Apple and Samsung Electronics Co. are scheduled to ask an appeals court Thursday to put their respective cases on hold while the U.S. Patent and Trademark Office reviews the validity of the Smartflash LLC patents. The agency is considering whether the ideas, related to ways to control digital content, are eligible for legal protection.
The Smartflash patents are being reviewed under a patent office process started in 2012 to take a second look at patents for conducting finance-related business methods.
The dispute is over digital rights management and inventions related to data storage and managing access through payment systems. Smartflash claimed that iTunes used the inventions in applications such as Game Circus LLC’s Coin Dozer and 4 Pics 1 Movie.
The suit against Samsung involves Google Play, the app distribution platform for Samsung products, and Google Inc. has agreed to cover some of Samsung’s costs.
The case is Smartflash LLC v. Apple Inc., 13-447, U.S. District Court for the District of Texas (Tyler). The appeals are Smartflash LLC v. Samsung Electronics Co., 15-1707 and Smartflash v.
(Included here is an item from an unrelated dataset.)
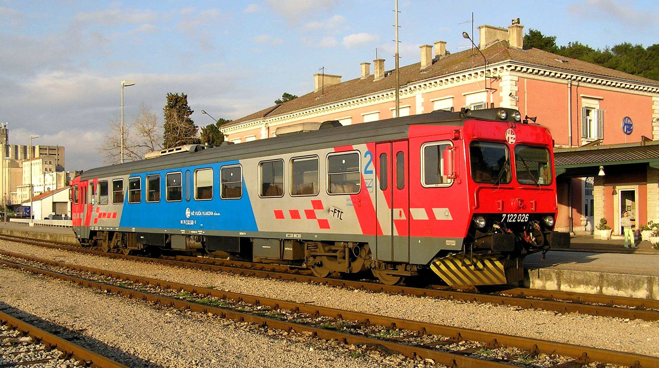 HŽ 7122 series train (Kalmar Verkstad Y1) in Pula, Croatia

Apple Inc., 15-1701, both U.S. Court of Appeals for the Federal Circuit (Washington).
Jawbone Seeks to Block Fitbit Imports With U.S. Trade Complaint
Jawbone filed a complaint Wednesday with the U.S. International Trade Commission that seeks to bar imports of Fitbit activity trackers into the U.S. market.
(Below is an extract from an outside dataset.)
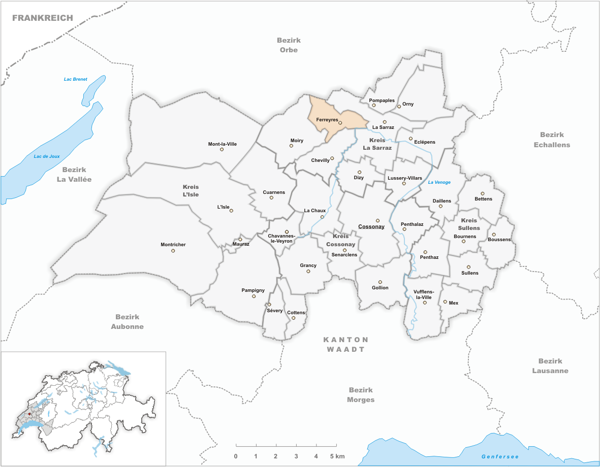 Municipality Ferreyres

The fight stems from Jawbone’s claims that Fitbit is infringing six patents, including ones for tracking a user’s sleep or activity, suggestions to achieve weight loss, protective coatings and power management.
Jawbone also accuses Fitbit of luring away employees to steal confidential supply chain and product development information.
“The poached employees have misappropriated Jawbone’s trade secret information and threaten to continue to do so as long as they remain employed by Fitbit,” Jawbone said in the trade commission complaint.
The complaint mirrors allegations in lawsuits filed last month, just before Fitbit became a publicly traded company. The Washington agency has the power to block products at the U.S. border and works more quickly than the typical U.S. court.
Flextronics International Inc., which previously made Jawbone products and now makes Fitbits, also is named in the trade complaint and accused of stealing trade secrets.
Even after the contract expired and Jawbone chose another manufacturer for its newest models, Flextronics employees continued to access Jawbone’s database of confidential documents, according to the complaint. One of those employees led the engineering team for Fitbit’s wearable products, Jawbone contends.
The ITC typically completes its cases 15 to 18 months after it institutes an investigation. The patent case is likely to be put on hold until the trade agency completes its work.
The case is In the Matter of Certain Activity Tracking Devices, Complaint No. 3075, U.S. International Trade Commission (Washington).
The district court patent case is AliphCom Inc. v. Fitbit Inc., 15cv02579, U.S. District Court for the Northern District of California (San Francisco). The trade secret case is AliphCom Inc. v. Fitbit Inc., CGC15-546004, California Superior Court, San Francisco County (San Francisco).